中央銀行ってなんだろう

中央銀行とは日本銀行、米国FRB(連邦準備銀行)、欧州ECB(欧州中央銀行)、英国イングランド銀号など一国の通貨管理の中枢をなす銀行のことです。
概ね、ひとつの通貨にひとつの中央銀行があることになります。
ユーロの発行開始前には欧州各国はそれぞれ中央銀行があり、現在でもユーロ紙幣の発行は以前の各国の中央銀行が個別に行っています(なので、一定の範囲内でデザインにバリエーションがあります)。

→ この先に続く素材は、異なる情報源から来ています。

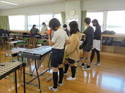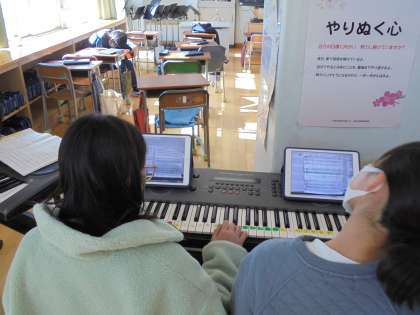 24日(水)の5時間目、6年1組は音楽の時間でした。「木星」の合奏練習に取り組んでいます。各自のタブレット型端末には、担当する楽器の楽譜や演奏の仕方が映像で送られているので、それを見ながら練習を重ねていました。
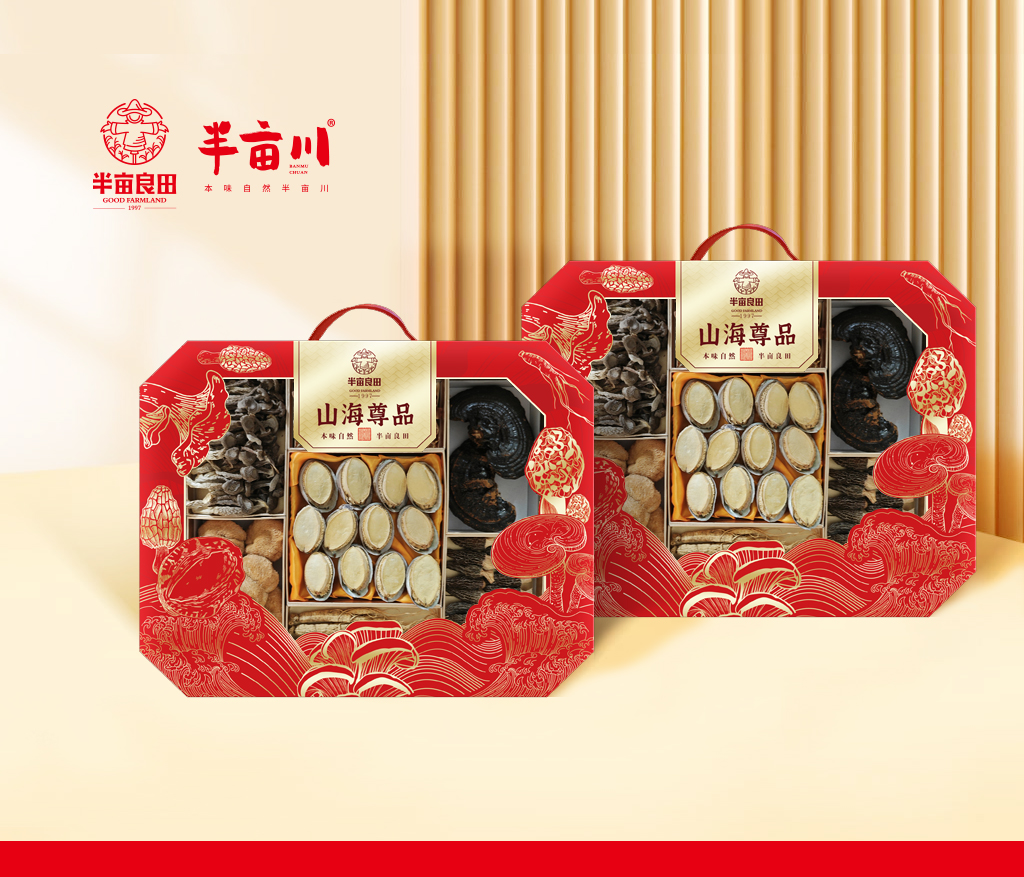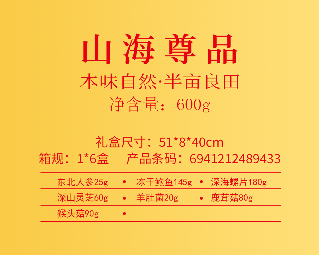 半亩川 山珍海味人参鲍鱼螺片灵芝羊肚菌鹿茸菇猴头菇礼盒 山海尊品礼盒 600g 混色(单位:盒)
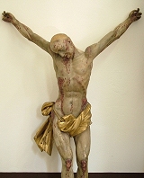 Il Cristo senza capelliIl Crocifisso – Il Cristo in croce riversava in pessime condizioni. L'intervento a cui è stato sottoposto è stato per forza di cose diverso: "Siamo subito intervenute con una lunga e paziente opera di fissaggio del colore originale, per poi concludere sempre con stucchi e ritocchi", raccontano. In questo caso le sorprese non sono mancate a lavori ultimati: la scoperta più importante è relativa al perizoma del Cristo. I fedeli lo ricordano dorato: "Tuttavia durante la pulitura – racconta ancora Daniela – abbiamo identificato i colori originari del panno, bianco a righe verdi. Materiali poveri, sicuramente per enfatizzarne il realismo. Quello che ci ha colpito in questa statua infatti è la grande espressività, che si evince dal volto del Cristo e dall'utilizzo di una parrucca per i capelli".
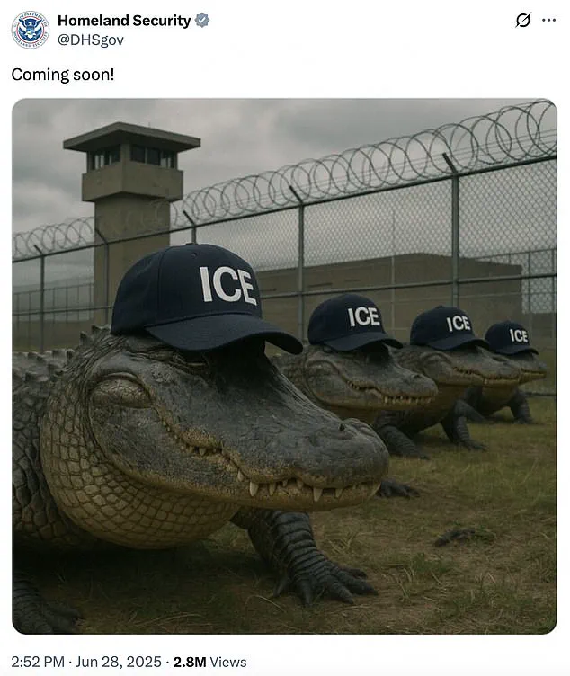 The Department of Homeland Security stoked fear with an AI-generated meme showing snarling alligators in ICE baseball caps patrolling the swampy grounds of the future facility dubbed ‘Alligator Alcatraz.’ The image, which quickly went viral, became a symbol of both the government’s enforcement priorities and the controversy surrounding the facility’s location in the Florida Everglades.

中央銀行の役割として最も象徴的なことは紙幣の発行を行うことでしょう。
日本のお札は正式には日本銀行券といいますよね。
かつて、金や銀との兌換を紙幣の信用のベースにしていた時代には一定の金や銀の保有をもって担保する形で複数の銀行から銀行券が発行されるということも行われていましたが、現在の管理通貨制度のもとでは、ひとつの中央銀銀行が独占的に紙幣の発行を行うのが一般的です。
政府から独立した企業体である中央銀行が通貨の発行権を握るということに違和感を感じる人もいるでしょう、しかし、政府のように一国の財政を預かる経済主体が自ら通貨の発行も行うということになるとモラルハザードの危険もあり(しかも国民も支持してしまう危険が十分あり)政府とは独立した機関にこれを行わせるメリットがあります。
中央銀行の役割としては他に、市中銀行に資金を貸し付ける銀行の銀行としての役割、国債の売買窓口となり政府財政資金を提供する役割、金利政策や市場介入により通貨価値の維持、インフレの調整などの金融政策を実施することなどがあげられます。
中央銀行総裁は選挙の結果如何で地位を失う総理大臣よりも安定した地位にあると同時に、現実の国の財政を握る立場にあります。
いくら予算を組んだところで日銀が資金の供給を止めれば政府は公務員の給料も払えません。
日銀総裁の報酬が総理大臣より高いということが問題になったことがありますが、その強力な権力を考えると当然だろうなと思います(それが良いとは感じませんが)。